Amagi Brilliant Park is no longer being fan translated, thanks to a take-down notice by Kadokawa. The fan translation hadn't yet even gotten past where the anime ended, so there was little worth reading in the first place. Now, presumably, Yen Press or somebody will license the product and start re-translating the product from the beginning, which they'll slowly do at a rate of one volume per year. Which means we still won't see anything that goes past the original anime for another four or five years.
This is a familiar recipe:
1) Light novel gets an anime adaption.
2) Fans get excited and start translating the light novel after the anime ends.
3a) Fans give up after the first volume, covering no new ground that we didn't already see as an anime.
3b) If not 3a, fans continue translating at a snail's pace, never actually surpassing the anime, but never quite giving up either.
4a) If 3b, the fan translation is given a take-down notice and the translation ends, still having never gotten past the anime.
4b) If not 4a, the fan translation miraculously continues to pass under the radar and translates genuinely useful products to the audience, ala Index New Testament.
4c) Some doughty fan translators just ignore the lawsuits and go on translating anyway, ala Sword Art Online, but progress is very slow because very few people wish to be involved.
5) Official company finally releases light novels that go past the original anime.
6a) Somebody manages to pirate the official releases and the world recovers from the initial take-down notice that spoiled their free fun in the first place.
6b) Nobody manages or feels like pirating the official release, it's too expensive to buy when there are so many other compelling free alternatives left to choose between, and the series rots on the vine, never to be seen again.
Out of all these options, only 4b and 6a are actual success stories. Virtually every route in this choose your own adventure story ends in grisly failure.
This makes light novels as a hobby quite the roller coaster ride. Nevertheless, when it comes to light novels in my good books hall of fame rankings, I've read everything that's been translated past where the anime ends, aside from a few works in progress. I'm at Baccano volume 6, Spice and Wolf volume 8, and SAO Progressive volume 1. There are enough translated volumes left to keep my light novel hobby afloat for the rest of the year at least, but I do worry about the future of this medium. With so many snarl-ups, it feels like the reservoir is rapidly running dry.
Point being, I recommend media to others only after I've enjoyed them myself, so I can personally guarantee everything I've ever ranked. My visual novel rankings do include 50 companies each of whom have done a vast array of games, but I also make it a point to explain at the beginning that of the ones I've actually played I can only recommend a top 10 list to others. The rest I've derived solely through hype, previews, reviews, etc. Visual Novel translations are even less frequent than light novel translations, so playing them all in full before recommending them is physically impossible.

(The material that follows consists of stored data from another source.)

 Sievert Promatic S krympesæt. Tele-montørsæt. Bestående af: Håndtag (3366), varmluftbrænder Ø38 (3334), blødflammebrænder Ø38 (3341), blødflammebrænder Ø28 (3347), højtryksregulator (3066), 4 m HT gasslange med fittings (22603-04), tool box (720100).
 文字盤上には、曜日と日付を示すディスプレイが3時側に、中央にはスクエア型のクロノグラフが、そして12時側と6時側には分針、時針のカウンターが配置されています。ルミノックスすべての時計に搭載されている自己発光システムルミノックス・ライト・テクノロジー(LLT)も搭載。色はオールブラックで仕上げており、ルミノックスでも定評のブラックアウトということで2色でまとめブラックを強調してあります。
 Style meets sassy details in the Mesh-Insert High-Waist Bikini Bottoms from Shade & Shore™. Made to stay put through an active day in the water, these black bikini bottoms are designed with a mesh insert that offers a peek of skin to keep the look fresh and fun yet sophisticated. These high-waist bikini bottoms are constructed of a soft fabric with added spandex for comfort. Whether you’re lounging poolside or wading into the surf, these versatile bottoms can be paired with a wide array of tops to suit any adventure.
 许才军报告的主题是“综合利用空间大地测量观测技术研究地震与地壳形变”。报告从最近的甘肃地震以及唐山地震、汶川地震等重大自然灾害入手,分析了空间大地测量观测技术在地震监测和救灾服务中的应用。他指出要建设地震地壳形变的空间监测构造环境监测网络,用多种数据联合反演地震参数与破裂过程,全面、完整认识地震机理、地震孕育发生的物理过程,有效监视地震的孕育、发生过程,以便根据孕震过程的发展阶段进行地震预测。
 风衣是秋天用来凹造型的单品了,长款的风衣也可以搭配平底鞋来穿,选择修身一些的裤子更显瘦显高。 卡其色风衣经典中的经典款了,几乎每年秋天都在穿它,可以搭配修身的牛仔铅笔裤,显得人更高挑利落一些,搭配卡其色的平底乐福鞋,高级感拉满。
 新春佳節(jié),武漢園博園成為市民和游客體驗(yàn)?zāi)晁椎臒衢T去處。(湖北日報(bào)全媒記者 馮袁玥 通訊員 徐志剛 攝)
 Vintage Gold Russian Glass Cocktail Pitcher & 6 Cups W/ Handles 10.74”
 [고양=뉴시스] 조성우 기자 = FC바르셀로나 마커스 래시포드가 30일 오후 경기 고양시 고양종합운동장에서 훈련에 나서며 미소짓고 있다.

The biggest advantage light novels have over visual novels is that you can listen to music of your own choice while you read light novels. Currently I'm listening to a best-of-tales-music collection that rounds out at 917 songs. I'm hoping to cull that number down a bit to a more manageable total, but that's difficult when Tales music is just so damn good (and there have been so many games, the songs really start adding up. . .). Most Tales of 'x' manga have floundered midway through being translated. Most Tales of 'x' games haven't been translated, are on obscure consoles and thus are unplayable, or have terrible gameplay and thus aren't worth playing just for the story elements which actually are good. Most Tales of 'x' anime have never been made. But when it comes to Tales of 'x' music, you can just sit down and listen to it. Zero barrier to entry. No need for translators here. So in a way, this music collection is the highest pinnacle of Tales appreciation that any westerner can reach. Tales is my third favorite game franchise of all time, and this is the best method to enjoy said game franchise. Multiply the two factors and you've got yourself a pretty obviously amazing experience. Then multiply that musical listening experience to a book like Sword Art Online, the #1 light novel experience of all time? I think you've got something there. It's a formula that can well exceed anything a visual novel can throw at you.